*** Opening Provided entries ***
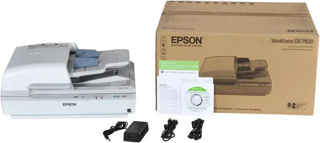 Epson WorkForce DS-7500 Scanner Setup Sheet USB cable Software CD AC adapter and power cable
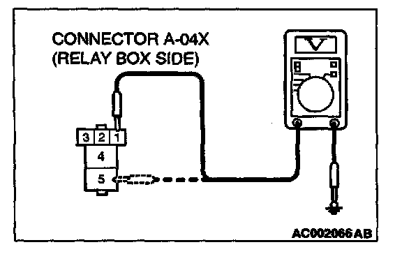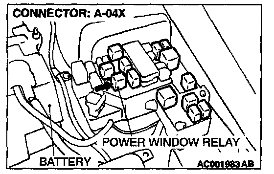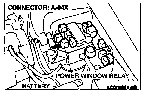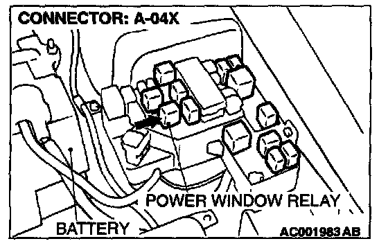 1. Disconnect the power window relay connector A-04X and measure at the relay box side.
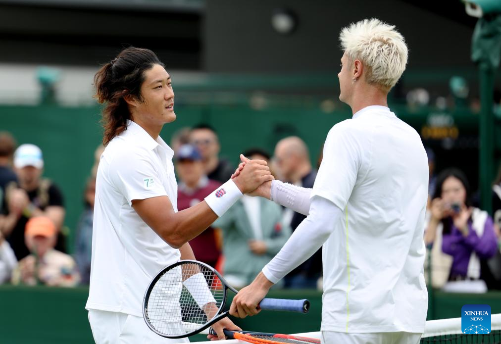 Zhang Zhizhen (L) of China greets Maxime Janvier of France after their men's singles first round match at Wimbledon tennis Championship in London, Britain, on July 1, 2024. (Xinhua/Li Ying)
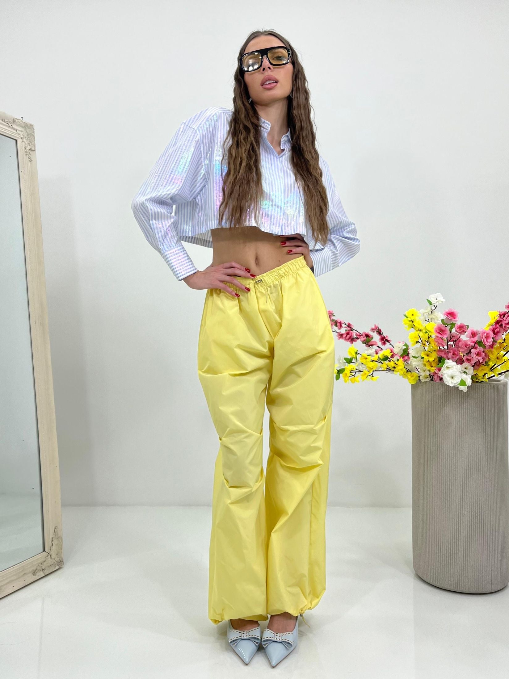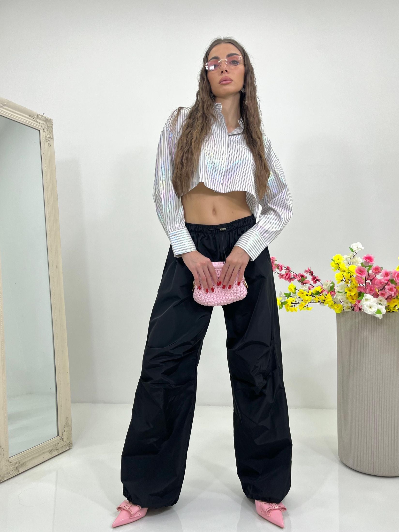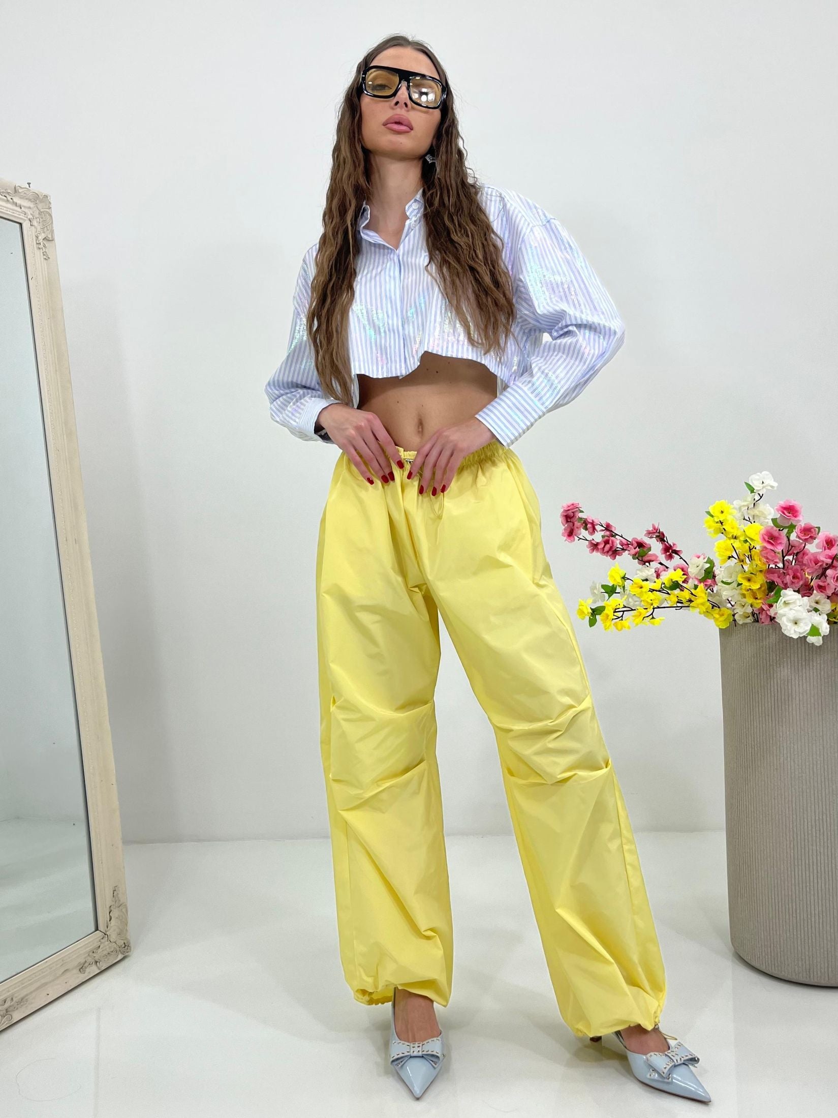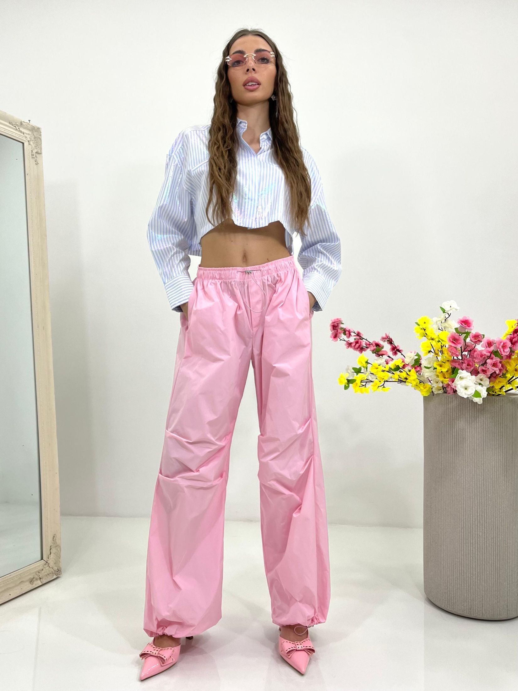 Pantacargo lumina con elastico regolabile in vita e alle caviglie e tasche
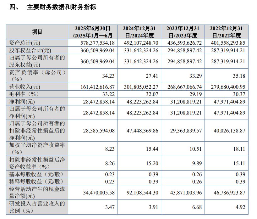報告期內(nèi),公司實現(xiàn)營收分別為2.80億元、2.69億元、3.02億元和1.61億元,歸母凈利潤分別為4797萬元、3121萬元、4822萬元和2847萬元。
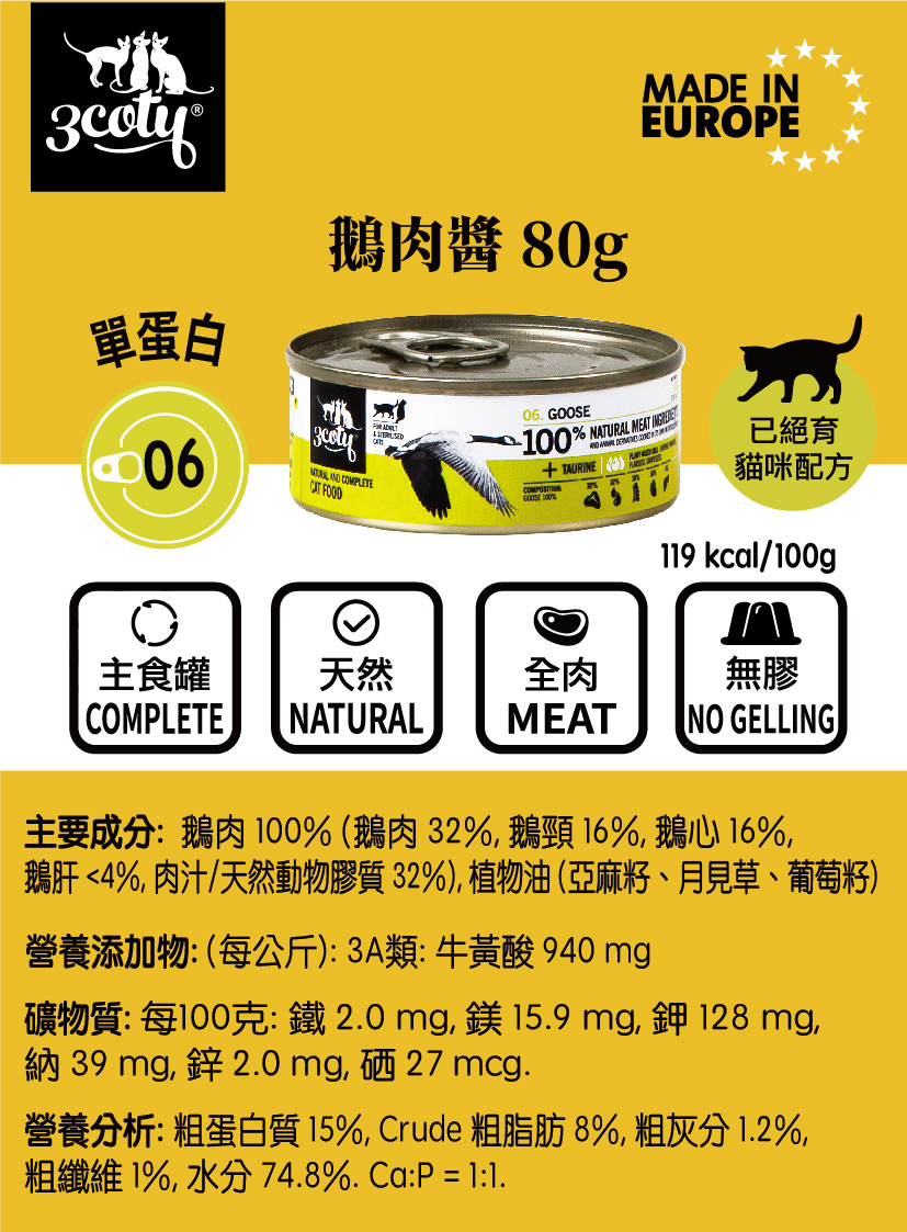 📌 Due to its 100% meat composition and balanced ingredients, 3coty® food can be given to cats with digestive hypersensitivity, food allergies and diabetes, and as a substitute for the B.A.R.F.
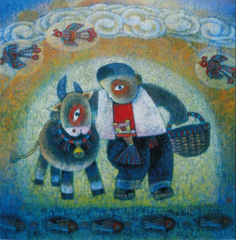 沒(méi)想到張俊畫(huà)的這么好!從前到后越畫(huà)越深入,越有內(nèi)涵,越成熟。吸收的東西很多,民間的、西方的都有,變形很自信,很有意思,美院的人畫(huà)不了。畫(huà)面形式、結(jié)構(gòu)、色彩、造型都很好,可以看出造型功底好,辦法也多。
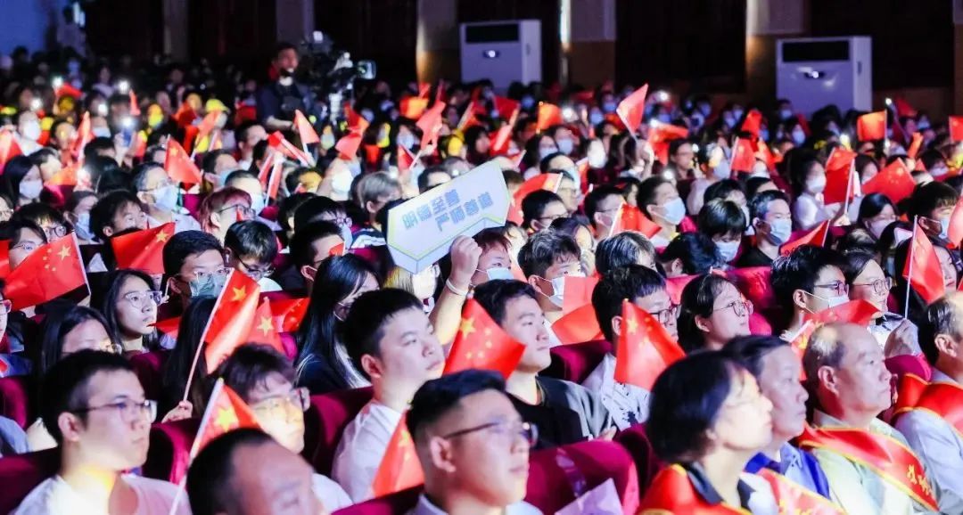 观众们挥舞的国旗汇成了红色海洋,以此热烈欢迎道德模范、身边好人、优秀教师代表等先进典型莅临现场,大学生代表们身着代表海洋的蓝色校服,为他们献上鲜花。下午四点,江苏省广播电视总台主持人政谦和来自9999js金沙老品牌的周琦搭档主持,拉开了巡演的帷幕。
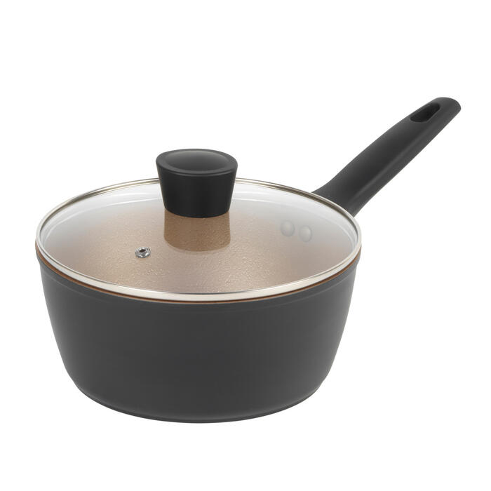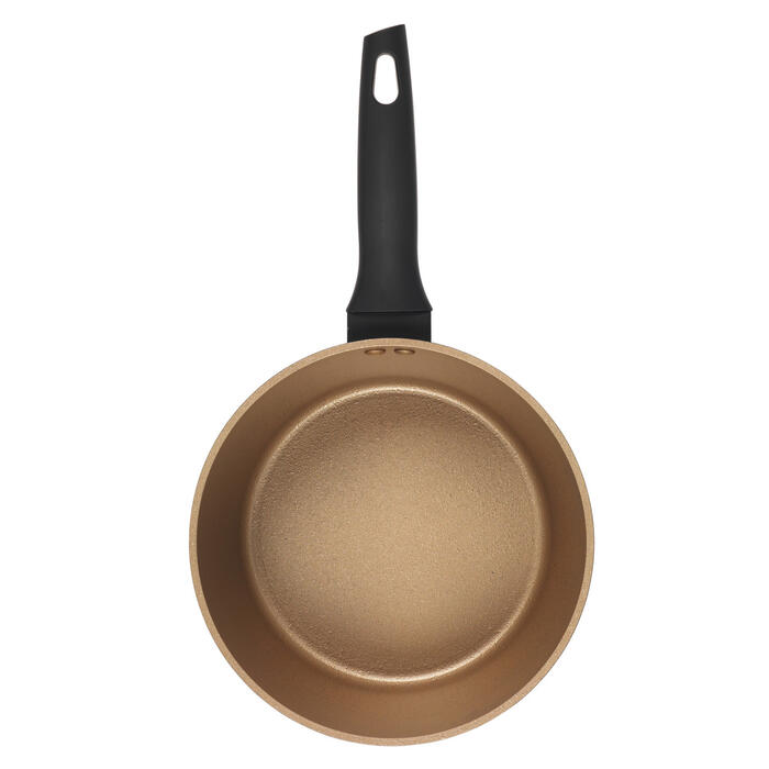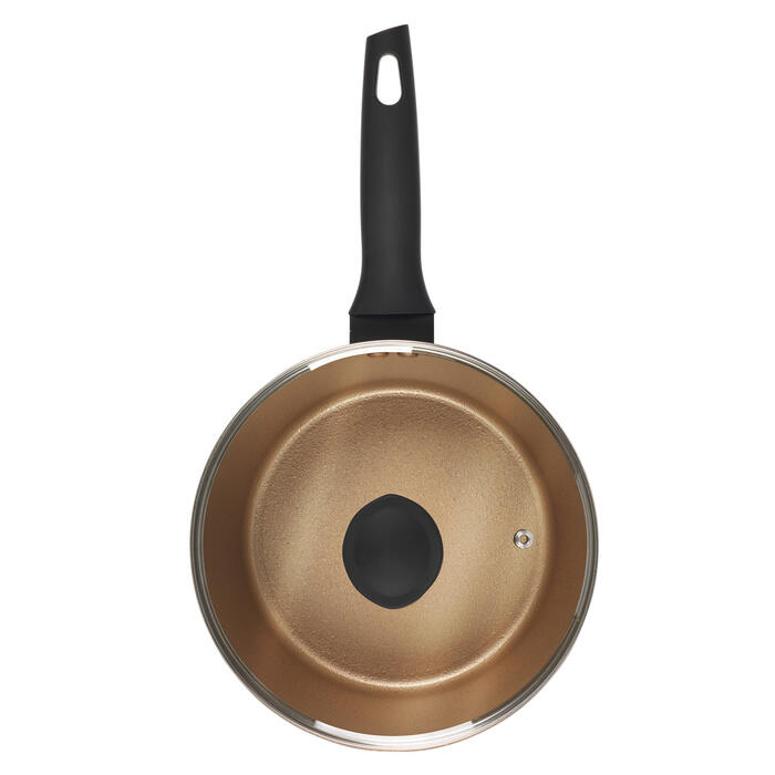 - Elegantais katliņš ir izgatavots no izturīga, kalta alumīnija, un tam ir zelta krāsas Crystaltech nepiedegošais iekšējais pārklājums.
*** Closing Provided entries ***
The material above is to be repeated word for word, with no images kept.

* **Your response**:
 Epson WorkForce DS-7500 Scanner Setup Sheet USB cable Software CD AC adapter and power cable
 1. Disconnect the power window relay connector A-04X and measure at the relay box side.
 Zhang Zhizhen (L) of China greets Maxime Janvier of France after their men's singles first round match at Wimbledon tennis Championship in London, Britain, on July 1, 2024. (Xinhua/Li Ying)
 Pantacargo lumina con elastico regolabile in vita e alle caviglie e tasche
報告期內(nèi),公司實現(xiàn)營收分別為2.80億元、2.69億元、3.02億元和1.61億元,歸母凈利潤分別為4797萬元、3121萬元、4822萬元和2847萬元。
 📌 Due to its 100% meat composition and balanced ingredients, 3coty® food can be given to cats with digestive hypersensitivity, food allergies and diabetes, and as a substitute for the B.A.R.F.
 沒(méi)想到張俊畫(huà)的這么好!從前到后越畫(huà)越深入,越有內(nèi)涵,越成熟。吸收的東西很多,民間的、西方的都有,變形很自信,很有意思,美院的人畫(huà)不了。畫(huà)面形式、結(jié)構(gòu)、色彩、造型都很好,可以看出造型功底好,辦法也多。
 观众们挥舞的国旗汇成了红色海洋,以此热烈欢迎道德模范、身边好人、优秀教师代表等先进典型莅临现场,大学生代表们身着代表海洋的蓝色校服,为他们献上鲜花。下午四点,江苏省广播电视总台主持人政谦和来自9999js金沙老品牌的周琦搭档主持,拉开了巡演的帷幕。
 - Elegantais katliņš ir izgatavots no izturīga, kalta alumīnija, un tam ir zelta krāsas Crystaltech nepiedegošais iekšējais pārklājums.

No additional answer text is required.